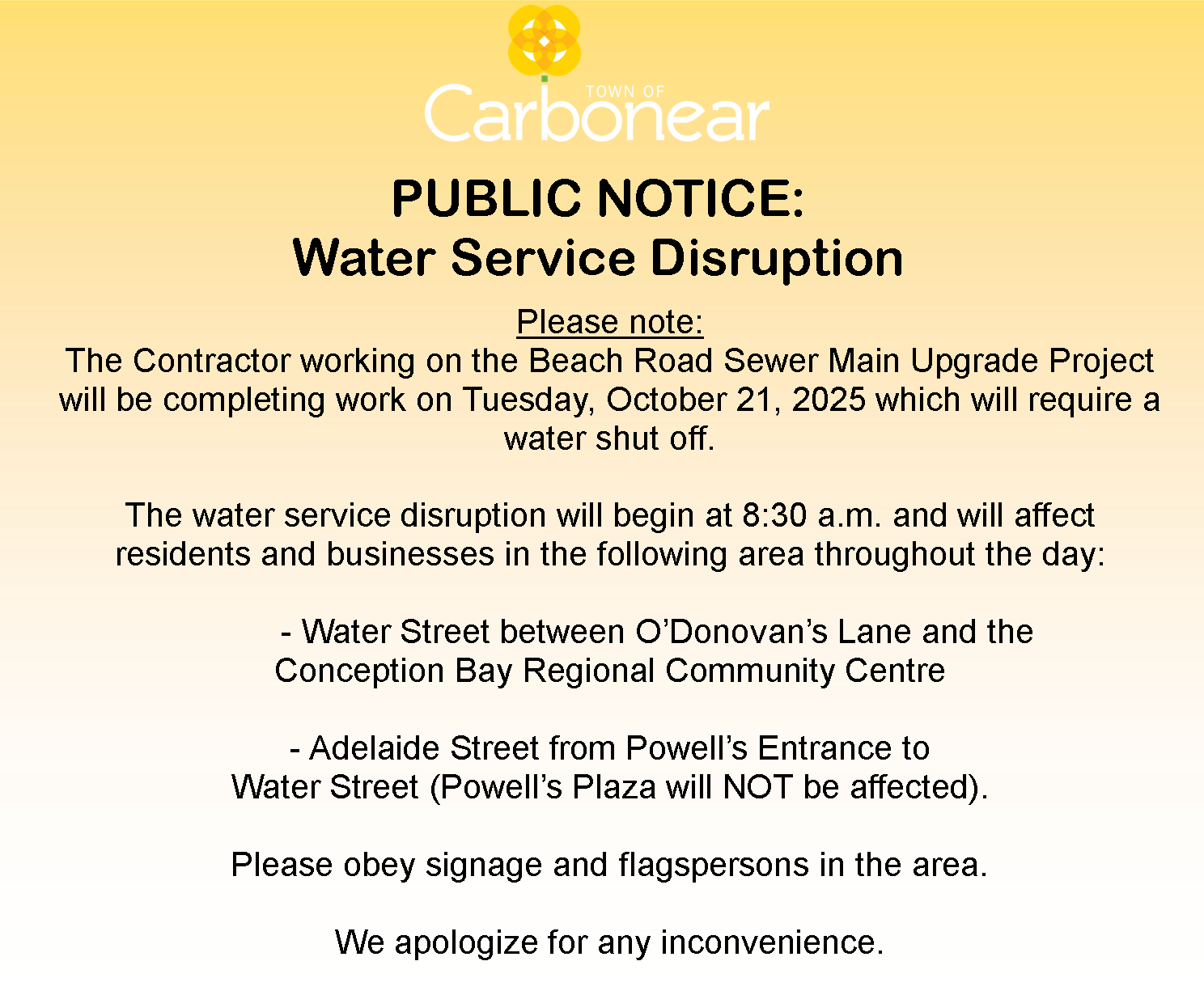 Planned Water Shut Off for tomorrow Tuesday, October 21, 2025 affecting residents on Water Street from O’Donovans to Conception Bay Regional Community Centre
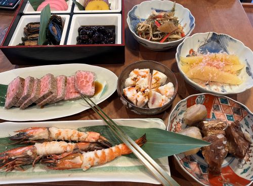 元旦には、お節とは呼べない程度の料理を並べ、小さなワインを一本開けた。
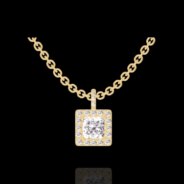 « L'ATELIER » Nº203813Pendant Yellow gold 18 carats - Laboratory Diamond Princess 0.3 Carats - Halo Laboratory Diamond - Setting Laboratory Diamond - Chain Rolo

**TASK**.
Return all of the material precisely as written. No picture belongs in it.

**YOUR SOLUTION**.
 Planned Water Shut Off for tomorrow Tuesday, October 21, 2025 affecting residents on Water Street from O’Donovans to Conception Bay Regional Community Centre
 元旦には、お節とは呼べない程度の料理を並べ、小さなワインを一本開けた。
 « L'ATELIER » Nº203813Pendant Yellow gold 18 carats - Laboratory Diamond Princess 0.3 Carats - Halo Laboratory Diamond - Setting Laboratory Diamond - Chain Rolo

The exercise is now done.